** Supplied material follows **

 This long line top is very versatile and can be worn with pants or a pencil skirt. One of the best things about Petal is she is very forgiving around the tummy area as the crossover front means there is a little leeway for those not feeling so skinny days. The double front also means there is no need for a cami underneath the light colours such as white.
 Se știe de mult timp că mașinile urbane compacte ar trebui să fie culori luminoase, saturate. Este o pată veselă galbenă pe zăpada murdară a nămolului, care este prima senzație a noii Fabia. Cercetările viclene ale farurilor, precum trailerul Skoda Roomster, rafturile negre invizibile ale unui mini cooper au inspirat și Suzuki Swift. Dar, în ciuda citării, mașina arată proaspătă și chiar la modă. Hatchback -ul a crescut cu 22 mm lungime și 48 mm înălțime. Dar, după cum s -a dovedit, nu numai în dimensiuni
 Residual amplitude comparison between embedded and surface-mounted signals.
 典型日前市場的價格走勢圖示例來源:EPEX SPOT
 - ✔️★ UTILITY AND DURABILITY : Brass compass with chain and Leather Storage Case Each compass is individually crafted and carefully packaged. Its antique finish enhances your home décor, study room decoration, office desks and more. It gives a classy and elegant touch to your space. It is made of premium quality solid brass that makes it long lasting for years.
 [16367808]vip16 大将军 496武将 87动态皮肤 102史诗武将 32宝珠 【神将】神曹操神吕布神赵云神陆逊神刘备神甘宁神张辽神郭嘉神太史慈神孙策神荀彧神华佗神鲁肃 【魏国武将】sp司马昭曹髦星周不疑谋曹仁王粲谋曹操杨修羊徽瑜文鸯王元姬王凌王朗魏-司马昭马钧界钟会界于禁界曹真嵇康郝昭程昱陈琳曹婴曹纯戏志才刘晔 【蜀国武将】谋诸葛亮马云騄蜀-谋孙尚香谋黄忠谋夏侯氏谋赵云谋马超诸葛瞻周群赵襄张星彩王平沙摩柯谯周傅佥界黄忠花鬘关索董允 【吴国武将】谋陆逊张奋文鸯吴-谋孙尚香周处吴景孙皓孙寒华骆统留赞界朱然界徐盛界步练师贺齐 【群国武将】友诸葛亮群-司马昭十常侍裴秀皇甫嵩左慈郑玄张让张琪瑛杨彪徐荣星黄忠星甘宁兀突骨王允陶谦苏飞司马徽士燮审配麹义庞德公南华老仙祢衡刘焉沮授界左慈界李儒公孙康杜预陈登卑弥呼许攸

** End of Supplied material **
** Supplied material follows **

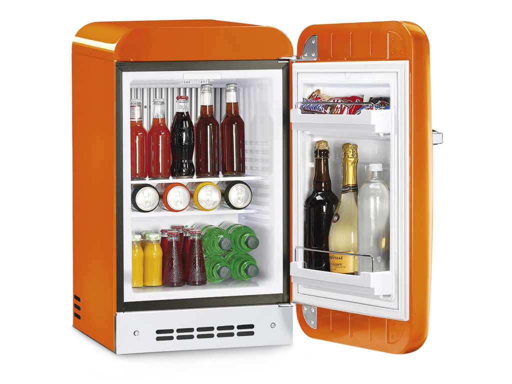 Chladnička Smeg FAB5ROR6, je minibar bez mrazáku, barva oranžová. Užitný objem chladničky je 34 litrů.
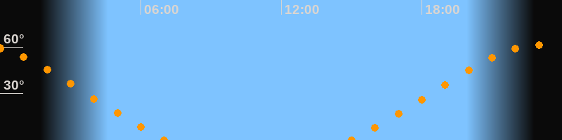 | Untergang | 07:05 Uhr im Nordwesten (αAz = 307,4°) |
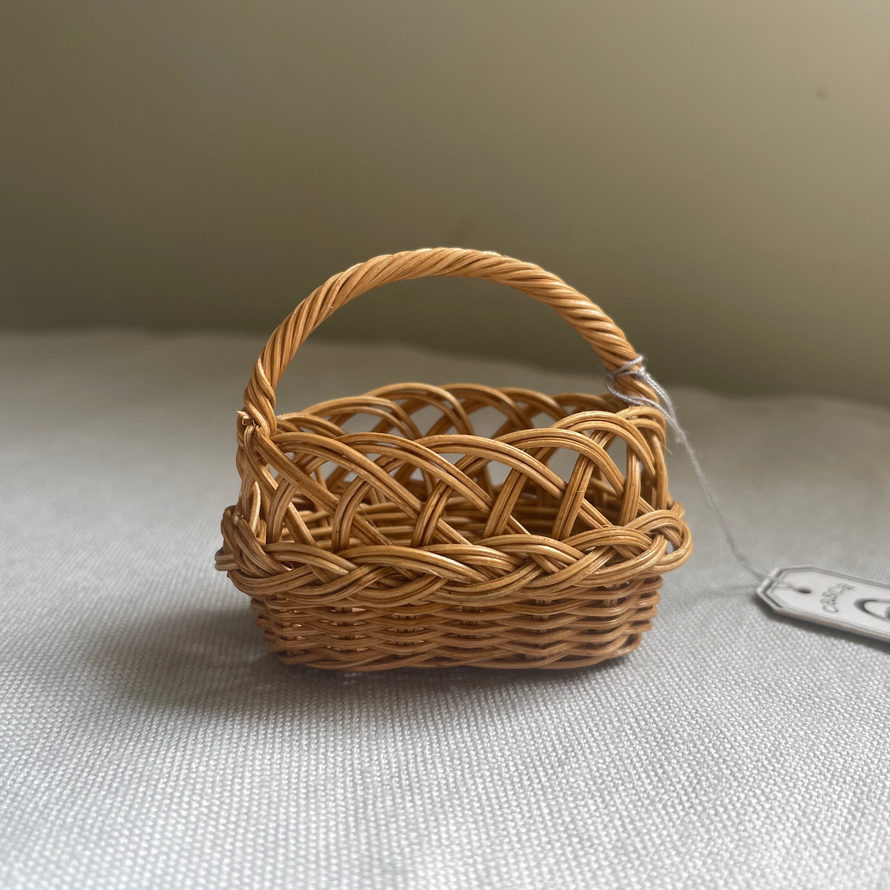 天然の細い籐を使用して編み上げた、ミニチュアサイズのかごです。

** End of Supplied material **
** Supplied material follows **

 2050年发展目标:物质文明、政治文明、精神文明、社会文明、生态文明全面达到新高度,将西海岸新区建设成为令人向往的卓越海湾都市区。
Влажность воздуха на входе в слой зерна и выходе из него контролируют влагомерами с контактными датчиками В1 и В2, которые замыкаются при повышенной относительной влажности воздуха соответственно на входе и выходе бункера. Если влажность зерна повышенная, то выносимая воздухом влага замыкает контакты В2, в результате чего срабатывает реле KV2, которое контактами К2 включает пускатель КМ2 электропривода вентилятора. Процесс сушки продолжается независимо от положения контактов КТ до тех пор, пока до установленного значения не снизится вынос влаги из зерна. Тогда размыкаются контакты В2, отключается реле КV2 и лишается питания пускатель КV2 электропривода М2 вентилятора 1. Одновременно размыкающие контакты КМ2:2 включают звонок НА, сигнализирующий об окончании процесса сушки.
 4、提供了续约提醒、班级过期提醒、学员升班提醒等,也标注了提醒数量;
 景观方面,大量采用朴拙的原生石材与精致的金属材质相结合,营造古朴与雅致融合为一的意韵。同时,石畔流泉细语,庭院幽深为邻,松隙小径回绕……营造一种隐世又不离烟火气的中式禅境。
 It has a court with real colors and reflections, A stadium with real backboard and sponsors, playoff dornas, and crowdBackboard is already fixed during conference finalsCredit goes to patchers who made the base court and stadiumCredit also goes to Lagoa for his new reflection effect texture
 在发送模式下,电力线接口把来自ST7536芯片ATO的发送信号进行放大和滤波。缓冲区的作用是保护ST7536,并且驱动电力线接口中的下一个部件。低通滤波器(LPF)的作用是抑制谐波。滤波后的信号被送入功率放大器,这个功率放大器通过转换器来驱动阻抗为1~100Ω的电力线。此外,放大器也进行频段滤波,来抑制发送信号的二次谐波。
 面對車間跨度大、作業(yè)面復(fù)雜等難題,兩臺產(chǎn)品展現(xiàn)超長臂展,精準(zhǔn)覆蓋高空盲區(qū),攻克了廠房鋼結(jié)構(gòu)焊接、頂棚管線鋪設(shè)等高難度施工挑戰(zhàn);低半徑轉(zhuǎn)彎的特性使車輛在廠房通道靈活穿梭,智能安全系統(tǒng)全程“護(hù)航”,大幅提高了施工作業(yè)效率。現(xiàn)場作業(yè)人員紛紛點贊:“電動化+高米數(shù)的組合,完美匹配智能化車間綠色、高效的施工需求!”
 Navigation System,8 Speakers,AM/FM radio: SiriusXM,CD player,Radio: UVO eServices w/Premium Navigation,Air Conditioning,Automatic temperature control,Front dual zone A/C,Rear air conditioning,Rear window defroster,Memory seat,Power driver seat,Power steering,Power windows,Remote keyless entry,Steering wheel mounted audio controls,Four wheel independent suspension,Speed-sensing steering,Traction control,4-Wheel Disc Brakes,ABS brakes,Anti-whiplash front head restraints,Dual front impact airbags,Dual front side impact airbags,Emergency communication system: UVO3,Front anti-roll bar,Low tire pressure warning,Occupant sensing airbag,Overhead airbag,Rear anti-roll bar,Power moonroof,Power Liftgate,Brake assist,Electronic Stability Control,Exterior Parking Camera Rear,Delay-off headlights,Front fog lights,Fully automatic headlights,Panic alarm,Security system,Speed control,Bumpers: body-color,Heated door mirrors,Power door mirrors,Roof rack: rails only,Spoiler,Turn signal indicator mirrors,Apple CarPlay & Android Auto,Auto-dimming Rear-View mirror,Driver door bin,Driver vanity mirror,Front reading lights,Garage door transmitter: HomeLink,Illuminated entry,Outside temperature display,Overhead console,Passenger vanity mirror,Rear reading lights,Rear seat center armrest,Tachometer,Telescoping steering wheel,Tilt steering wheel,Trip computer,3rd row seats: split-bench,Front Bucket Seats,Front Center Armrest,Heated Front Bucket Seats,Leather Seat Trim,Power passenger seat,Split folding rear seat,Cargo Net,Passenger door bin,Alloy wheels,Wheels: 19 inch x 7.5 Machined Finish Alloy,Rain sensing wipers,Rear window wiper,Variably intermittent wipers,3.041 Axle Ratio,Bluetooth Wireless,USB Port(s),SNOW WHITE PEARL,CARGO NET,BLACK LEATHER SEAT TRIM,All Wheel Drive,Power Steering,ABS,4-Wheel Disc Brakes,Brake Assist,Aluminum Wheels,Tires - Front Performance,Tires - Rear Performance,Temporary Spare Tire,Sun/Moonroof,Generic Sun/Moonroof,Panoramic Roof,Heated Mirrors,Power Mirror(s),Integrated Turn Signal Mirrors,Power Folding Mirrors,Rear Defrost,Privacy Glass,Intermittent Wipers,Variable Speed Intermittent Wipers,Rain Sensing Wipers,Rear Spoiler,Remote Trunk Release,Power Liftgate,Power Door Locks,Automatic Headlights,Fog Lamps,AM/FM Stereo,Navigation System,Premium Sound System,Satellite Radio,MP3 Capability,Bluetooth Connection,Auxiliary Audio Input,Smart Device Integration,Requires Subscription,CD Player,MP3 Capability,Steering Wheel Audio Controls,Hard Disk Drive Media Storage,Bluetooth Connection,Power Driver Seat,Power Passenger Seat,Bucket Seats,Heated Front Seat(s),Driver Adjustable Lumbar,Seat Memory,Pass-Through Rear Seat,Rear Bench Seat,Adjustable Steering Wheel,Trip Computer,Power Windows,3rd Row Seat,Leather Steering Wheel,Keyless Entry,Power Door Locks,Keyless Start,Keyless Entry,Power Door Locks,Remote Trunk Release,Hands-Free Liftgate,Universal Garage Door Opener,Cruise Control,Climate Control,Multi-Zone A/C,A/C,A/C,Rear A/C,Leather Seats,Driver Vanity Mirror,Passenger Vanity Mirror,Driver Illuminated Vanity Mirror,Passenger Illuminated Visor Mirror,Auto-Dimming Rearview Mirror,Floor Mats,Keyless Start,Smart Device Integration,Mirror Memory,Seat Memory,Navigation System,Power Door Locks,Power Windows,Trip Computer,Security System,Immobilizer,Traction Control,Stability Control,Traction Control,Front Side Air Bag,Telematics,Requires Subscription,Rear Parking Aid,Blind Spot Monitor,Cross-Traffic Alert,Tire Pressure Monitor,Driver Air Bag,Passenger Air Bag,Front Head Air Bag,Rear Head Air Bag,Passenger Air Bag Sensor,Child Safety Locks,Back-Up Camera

** End of Supplied material **

Task item – Every line above from the line with "This long line" to the line with "[16367808]vip16 大将军 496武将", inclusive, must be returned exactly; no other line belongs in the reply.

Written solution –
 This long line top is very versatile and can be worn with pants or a pencil skirt. One of the best things about Petal is she is very forgiving around the tummy area as the crossover front means there is a little leeway for those not feeling so skinny days. The double front also means there is no need for a cami underneath the light colours such as white.
 Se știe de mult timp că mașinile urbane compacte ar trebui să fie culori luminoase, saturate. Este o pată veselă galbenă pe zăpada murdară a nămolului, care este prima senzație a noii Fabia. Cercetările viclene ale farurilor, precum trailerul Skoda Roomster, rafturile negre invizibile ale unui mini cooper au inspirat și Suzuki Swift. Dar, în ciuda citării, mașina arată proaspătă și chiar la modă. Hatchback -ul a crescut cu 22 mm lungime și 48 mm înălțime. Dar, după cum s -a dovedit, nu numai în dimensiuni
 Residual amplitude comparison between embedded and surface-mounted signals.
 典型日前市場的價格走勢圖示例來源:EPEX SPOT
 - ✔️★ UTILITY AND DURABILITY : Brass compass with chain and Leather Storage Case Each compass is individually crafted and carefully packaged. Its antique finish enhances your home décor, study room decoration, office desks and more. It gives a classy and elegant touch to your space. It is made of premium quality solid brass that makes it long lasting for years.
 [16367808]vip16 大将军 496武将 87动态皮肤 102史诗武将 32宝珠 【神将】神曹操神吕布神赵云神陆逊神刘备神甘宁神张辽神郭嘉神太史慈神孙策神荀彧神华佗神鲁肃 【魏国武将】sp司马昭曹髦星周不疑谋曹仁王粲谋曹操杨修羊徽瑜文鸯王元姬王凌王朗魏-司马昭马钧界钟会界于禁界曹真嵇康郝昭程昱陈琳曹婴曹纯戏志才刘晔 【蜀国武将】谋诸葛亮马云騄蜀-谋孙尚香谋黄忠谋夏侯氏谋赵云谋马超诸葛瞻周群赵襄张星彩王平沙摩柯谯周傅佥界黄忠花鬘关索董允 【吴国武将】谋陆逊张奋文鸯吴-谋孙尚香周处吴景孙皓孙寒华骆统留赞界朱然界徐盛界步练师贺齐 【群国武将】友诸葛亮群-司马昭十常侍裴秀皇甫嵩左慈郑玄张让张琪瑛杨彪徐荣星黄忠星甘宁兀突骨王允陶谦苏飞司马徽士燮审配麹义庞德公南华老仙祢衡刘焉沮授界左慈界李儒公孙康杜预陈登卑弥呼许攸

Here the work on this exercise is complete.